U.S. National Register of Historic Places
- Official name: Butterfield Overland Mail Corridor
- Type: U.S. historic district
- Designated: August 27, 2014
- Reference no.: 14000524
- Location: 400 Pine Canyon Rd. Guadalupe Mountains National Park
- Area: 2,401.3 acres (971.8 ha)

= Butterfield Overland Mail in Texas =

Route of mail service created in 1857

In Texas, the Butterfield Overland Mail service created by Congress on March 3, 1857, was operated until March 30, 1861.

The route that was operated extended from San Francisco, California to Los Angeles, then across the Colorado Desert to Fort Yuma, then across New Mexico Territory via, Tucson and Mesilla, New Mexico to Franklin, Texas, midpoint on the route. The route through Texas followed first the northern route to the Pecos River and downstream to Horse Head Crossing. The route in West Texas was changed in 1859, in order to secure a better water supply on the route and to provide mail service to a more settled area, the stages between Franklin, and the Pecos River followed the San Antonio-El Paso Road to Camp Stockton and then turned east to Horsehead Crossing. From Horsehead Crossing the route crossed Texas to the Red River and into Indian Territory. In 1860 the route was changed to another route from Jacksboro to Sherman via Decatur due to the building of a new toll bridge at Bridgeport, that avoided delays crossing the West Fork of the Trinity River when it was flooded. From Colberts Ferry the route went on to Fort Smith, then up across Arkansas and southwest Missouri to Tipton with the final leg by train to St. Louis. The Texas mail route was so long that the route there, like that in California, was divided into two divisions each under a superintendent.

==5th Division Route==
At first the 5th Division route left Franklin to run due east thirty miles to Hueco Tanks, thirty six miles to Cornudas de Los Alamos then east northeast fifty-six miles to Pinery Station.

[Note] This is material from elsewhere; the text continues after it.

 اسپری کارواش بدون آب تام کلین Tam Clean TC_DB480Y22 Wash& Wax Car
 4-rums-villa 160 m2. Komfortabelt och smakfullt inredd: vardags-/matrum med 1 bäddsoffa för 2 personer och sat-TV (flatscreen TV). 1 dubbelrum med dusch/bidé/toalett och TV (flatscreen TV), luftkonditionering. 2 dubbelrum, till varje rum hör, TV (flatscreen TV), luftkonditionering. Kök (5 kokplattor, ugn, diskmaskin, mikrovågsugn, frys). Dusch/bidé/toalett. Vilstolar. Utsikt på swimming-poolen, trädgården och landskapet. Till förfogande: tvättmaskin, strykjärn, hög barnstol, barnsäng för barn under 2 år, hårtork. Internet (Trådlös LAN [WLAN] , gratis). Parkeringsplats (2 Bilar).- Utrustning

Subsequently, stations were added between Hueco Tanks and Cornudas de Los Alamos at Ojos de los Alamos, and at Crow Springs between Cornudas de Los Alamos and Pinery. From Pinery, the route then ran twenty-four miles east to Delaware Springs Station, then forty miles down Delaware Creek nearly to its junction with the Pecos River, and across Pope's Crossing to Pope's Camp.

It then ran sixty five miles down the east bank of the Pecos, to Emigrant Crossing Station and onward fifty-five miles to Horsehead Crossing. Sections of this route, including Pinery Station, are preserved as part of Guadalupe Mountains National Park, and have been listed on the National Register of Historic Places.

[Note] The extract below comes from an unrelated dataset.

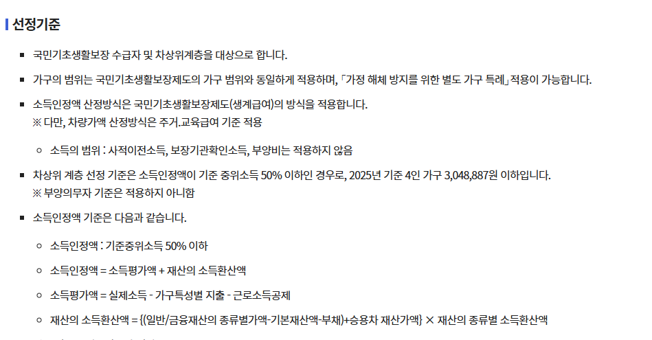 - 소득·재산 기준 충족 시 가능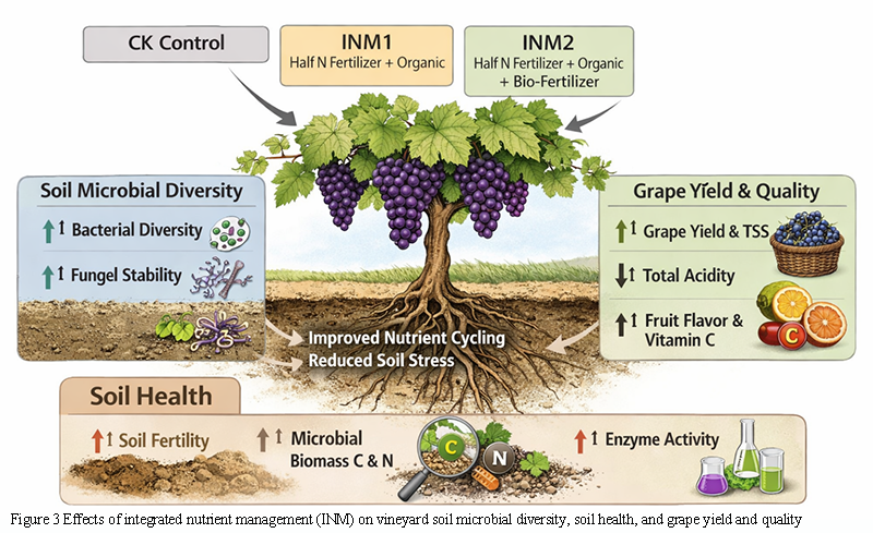 ![]() Figure 3 Effects of integrated nutrient management (INM) on vineyard soil microbial diversity, soil health, and grape yield and quality |

From Horsehead Crossing the trail ran seventy waterless miles east northeast across the Llano Estacado to the headwaters of the Middle Concho River, then northward, about thirty miles to Johnson's Station, along the Middle Concho river. Then, it ran through the vicinity of modern Carlsbad, to Grape Creek Station, near the south line of present Coke County; to Fort Chadbourne in what is now Coke County.

In August 1859, the route in West Texas was changed from the upper route in order to secure a better water supply on the route, with more security from the Army and to provide mail service to a more settled area, by using the San Antonio-El Paso Road from Franklin to Camp Stockton before cutting across to link up with the rest of the route at Horsehead Crossing. This entailed abandoning the investment in the well constructed stations on the old route, and building some on the new route. Although this was mitigated when an arraignment was made to use the stations of George H. Giddings' San Antonio-El Paso Mail along that route. Losses from this change and debt taken on from a delay of postal revenue, eventually led the investors in the Overland Mail Company to take control and dismiss John Warren Butterfield in 1860.

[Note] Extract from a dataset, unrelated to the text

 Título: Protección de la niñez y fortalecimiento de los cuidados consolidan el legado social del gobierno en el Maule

The stages between Franklin and the Pecos River now would follow the San Antonio-El Paso Road down the Rio Grande, 14 miles from Franklin to Ysleta, then passing 121/4 miles through Socorro to San Elizario, then on 101/2 miles to Camp Hawkins Station, 24 1/2 miles to Birchville Station, 15 miles to Camp Rice Station, then 18 miles to Fort Quitman. Moving eastward away from the river at Fargo Station 51/2 miles below Fort Quitman, the route traveled 251/2 miles to Eagle Spring, 19 miles to Van Horns Wells, then a waterless 33 miles to Deadman's Hole, 18 miles to Barrel Springs, another 18 miles to Fort Davis. From Fort Davis Station the route proceeded down through Limpia Canyon to Limpia Station, Barrilla Springs, then 34 miles to Leon Springs and 81/2 miles on to Camp Stockton. 11 miles east of Camp Stockton the route reached Camp Pleasant then crossed the plain 23 miles to Horsehead Crossing where a ferry carried the coaches across the Pecos River to Horsehead Crossing Station.

==6th Division Route==
The 6th Division route ran from Fort Chadbourne, twelve miles to the north across Valley Creek to Station #1 then sixteen miles to Mountain Pass Station, then thirty miles, past the route of the Texas and Pacific Railway, a mile west of the site of present Tye, to Fort Phantom Hill, then twelve miles more to Smith's Station, twenty six miles to Clear Fork station, thirteen miles to Franz's Station and then twenty-two miles to Fort Belknap. From Fort Belknap the line turned eastward sixteen miles to Murphy's Station (near present Graham, Texas), then nineteen miles to Jacksboro, Texas, sixteen miles to Earhart's Station, twenty-four miles to Davidson's Station, then seventeen miles to Gainesville, Texas, fifteen miles to Diamond's station (one mile west of the site of present Whitesboro), fifteen miles to Sherman and across the Red River at Colbert's Ferry, eight miles below Preston, Texas to Indian Territory.

==Stations in Texas ==

===4th Division===
- Cottonwoods Station - Located, 25 miles from Fort Filmore on the Rio Grande in Texas.

===5th Division===
- Franklin Station - Located in Franklin, Texas, 22 miles from Cottonwoods Station. - Midway point of the Overland Mail route and headquarters of the 5th Division.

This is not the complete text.